[WHAT TO WORK ON]
Only the words of the entries are wanted, repeated exactly and without images.
===== EXCERPTED RECORDS
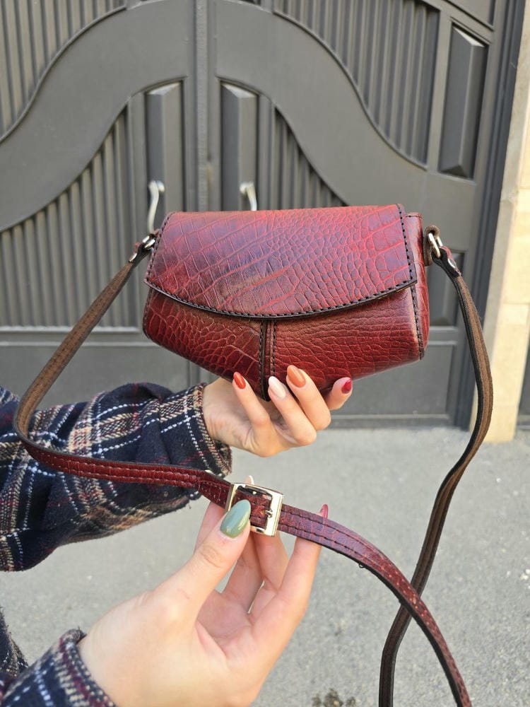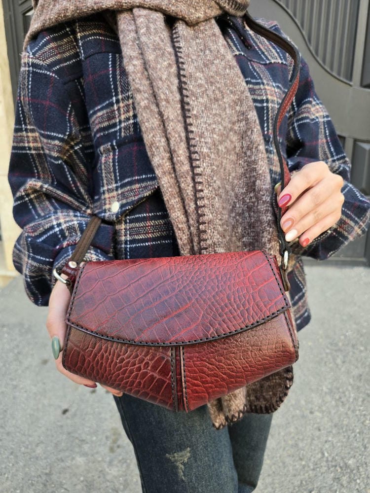 کیف چرم مثلثی زرشکی آلبالویی سنگی
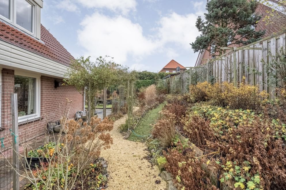 De tuin rondom is fraai aangelegd en biedt verschillende zitplekken, privacy en ruimte voor buitenleven. Vanonder de overkapping grenzend aan de woning heb je zicht op de tuin, een natuurlijk geheel waar de huidige eigenaren met recht trots op mogen zijn!
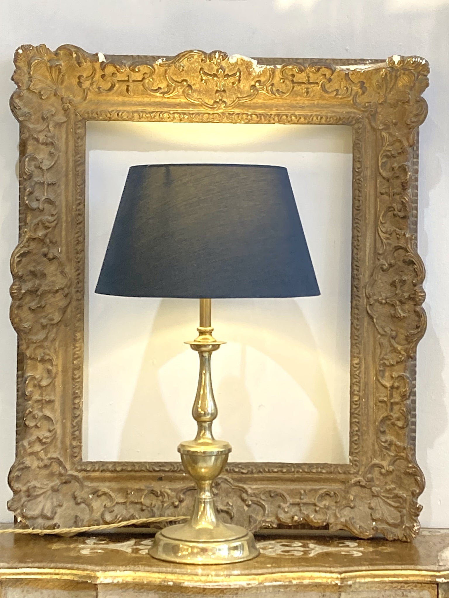 A classic vintage brass table lamp which has been rewired to current British specifications using fabric braided cord to compliment the age of the piece. Fitting is for bayonette LED bulbs and on/off switch is at the base of the bulb holder. Nice proportions and a good weight.
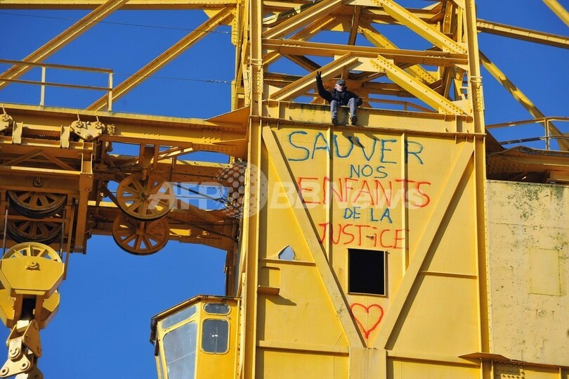 【2月18日 AFP】フランス西部ナント(Nantes)で15日朝、幼い息子との面会を禁じられた父親(42)が造船所の巨大クレーンの上によじ登り、裁判所命令の撤回を求めた。この父親は、裁判所命令が解かれるまでクレーン上に居座ると宣言しており、「(息子の)ブノワには2年も父親がいない」と書かれた大きな横断幕を掲げたまま、17日になっても降りてくる気配を見せていない。
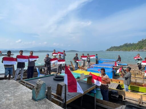 TNI AL, Penuba | warta.in – Dalam rangka menumbuhkan semangat nasionalisme dan cinta tanah air dikalangan masyarakat pesisir, Komandan Pos TNI AL (Posal) Penuba Letda Laut (PM) Budi Artino, S.Sos., secara langsung memimpin kegiatan penyerahan Bendera Merah Putih kepada seluruh nelayan di wilayah kerja Posal Penuba, Kabupaten Lingga, Provinsi Kepulauan Riau, Minggu (10/8/2025).
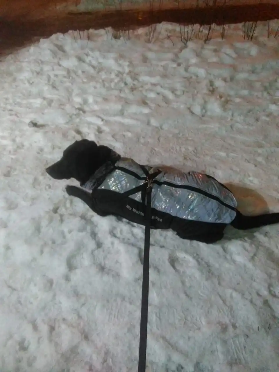 Просто прелесть и себе такую хочу, правда мне казалось что изнутри она вся пушистая, но нет, только воротничок! От грязи можно вполне протереть тряпочкой или промыть под краном и повесить стечь на вешалку не выжимая, высохнет быстро!!! Блестит и при свете и даже в темноте, красотень , я довольна, пёс доволен, сегодня от многих наслышались комплиментов, очень рада что решила сделать такой новогодний подарок для своей собаки, обязательно закажу следующий светоотражающий с синими надписями! Давно засматривалась на эту жилетку и только у этого продавца нашла подходящий размер, лабрик у меня широкогрудый 88см,сидит идеально, очень понравилась лента и замочек чтобы при застегивании не защимилась шерсть, надеюсь в носке прослужит долго!
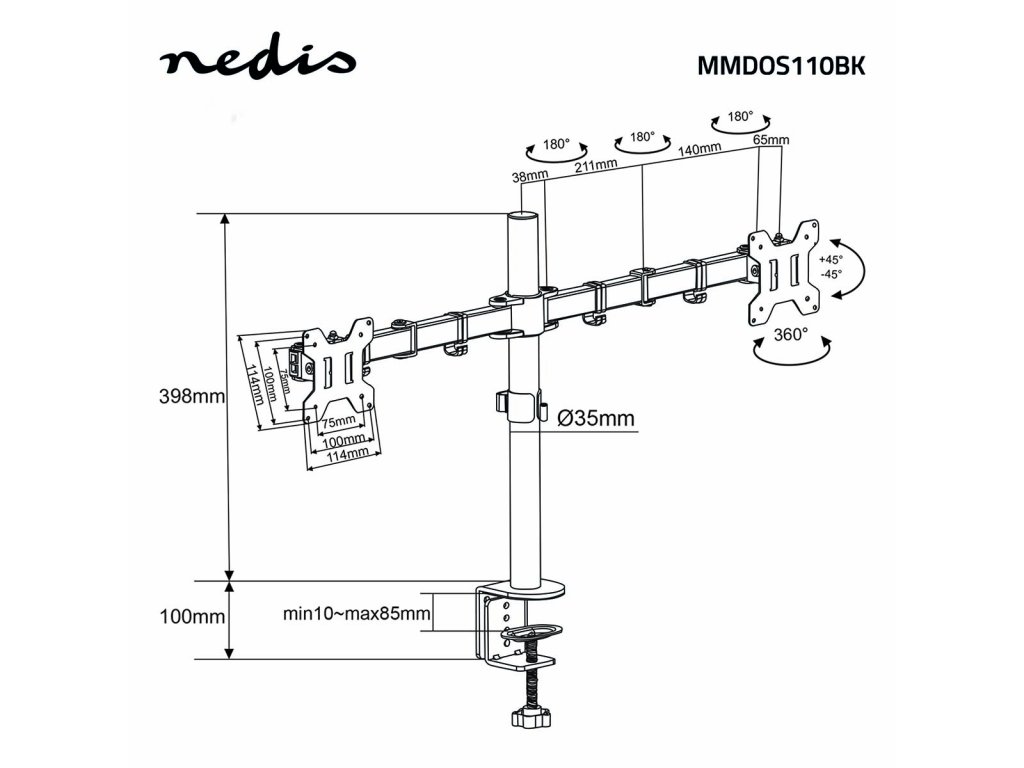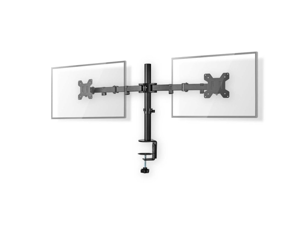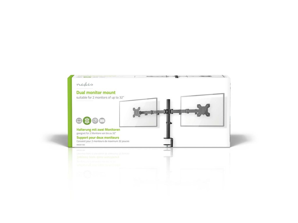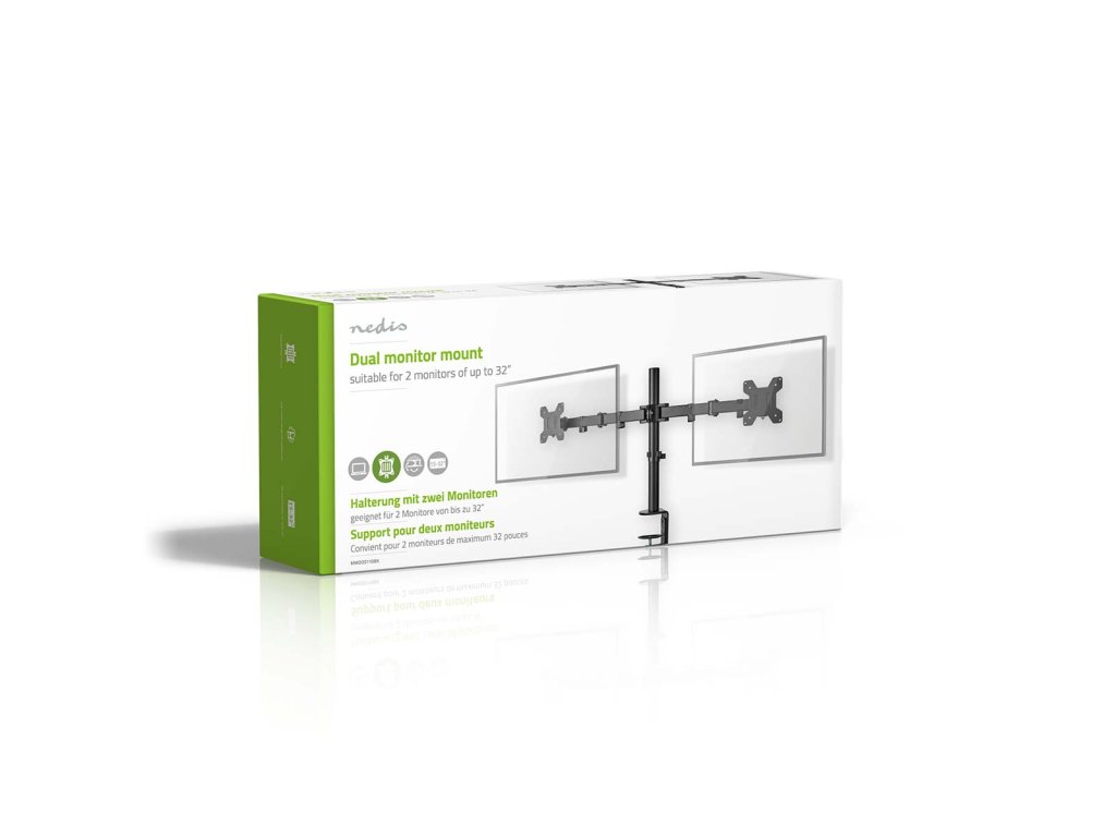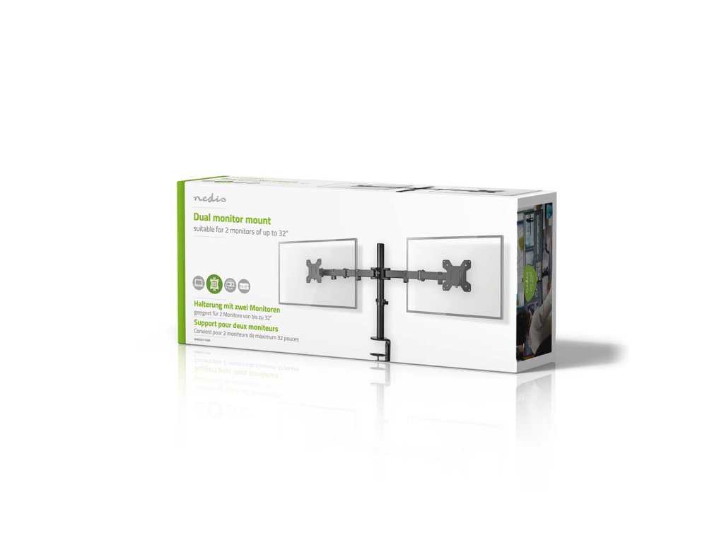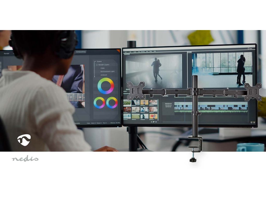 Držák Nedis je vhodný pro dva monitory s úhlopříčkou až 32". Všestranné možnosti naklápění (50°), otáčení (360°) a natočení (180°) umožňují nastavit držák do libovolného úhlu. Tento držák je skvělou volbou pro prostorově úsporné umístění na stolech pomocí stolní svorky pro snadnou a rychlou instalaci.
==========
[ANSWER BOX]
 کیف چرم مثلثی زرشکی آلبالویی سنگی
 De tuin rondom is fraai aangelegd en biedt verschillende zitplekken, privacy en ruimte voor buitenleven. Vanonder de overkapping grenzend aan de woning heb je zicht op de tuin, een natuurlijk geheel waar de huidige eigenaren met recht trots op mogen zijn!
 A classic vintage brass table lamp which has been rewired to current British specifications using fabric braided cord to compliment the age of the piece. Fitting is for bayonette LED bulbs and on/off switch is at the base of the bulb holder. Nice proportions and a good weight.
 【2月18日 AFP】フランス西部ナント(Nantes)で15日朝、幼い息子との面会を禁じられた父親(42)が造船所の巨大クレーンの上によじ登り、裁判所命令の撤回を求めた。この父親は、裁判所命令が解かれるまでクレーン上に居座ると宣言しており、「(息子の)ブノワには2年も父親がいない」と書かれた大きな横断幕を掲げたまま、17日になっても降りてくる気配を見せていない。
 TNI AL, Penuba | warta.in – Dalam rangka menumbuhkan semangat nasionalisme dan cinta tanah air dikalangan masyarakat pesisir, Komandan Pos TNI AL (Posal) Penuba Letda Laut (PM) Budi Artino, S.Sos., secara langsung memimpin kegiatan penyerahan Bendera Merah Putih kepada seluruh nelayan di wilayah kerja Posal Penuba, Kabupaten Lingga, Provinsi Kepulauan Riau, Minggu (10/8/2025).
 Просто прелесть и себе такую хочу, правда мне казалось что изнутри она вся пушистая, но нет, только воротничок! От грязи можно вполне протереть тряпочкой или промыть под краном и повесить стечь на вешалку не выжимая, высохнет быстро!!! Блестит и при свете и даже в темноте, красотень , я довольна, пёс доволен, сегодня от многих наслышались комплиментов, очень рада что решила сделать такой новогодний подарок для своей собаки, обязательно закажу следующий светоотражающий с синими надписями! Давно засматривалась на эту жилетку и только у этого продавца нашла подходящий размер, лабрик у меня широкогрудый 88см,сидит идеально, очень понравилась лента и замочек чтобы при застегивании не защимилась шерсть, надеюсь в носке прослужит долго!
 Držák Nedis je vhodný pro dva monitory s úhlopříčkou až 32". Všestranné možnosti naklápění (50°), otáčení (360°) a natočení (180°) umožňují nastavit držák do libovolného úhlu. Tento držák je skvělou volbou pro prostorově úsporné umístění na stolech pomocí stolní svorky pro snadnou a rychlou instalaci.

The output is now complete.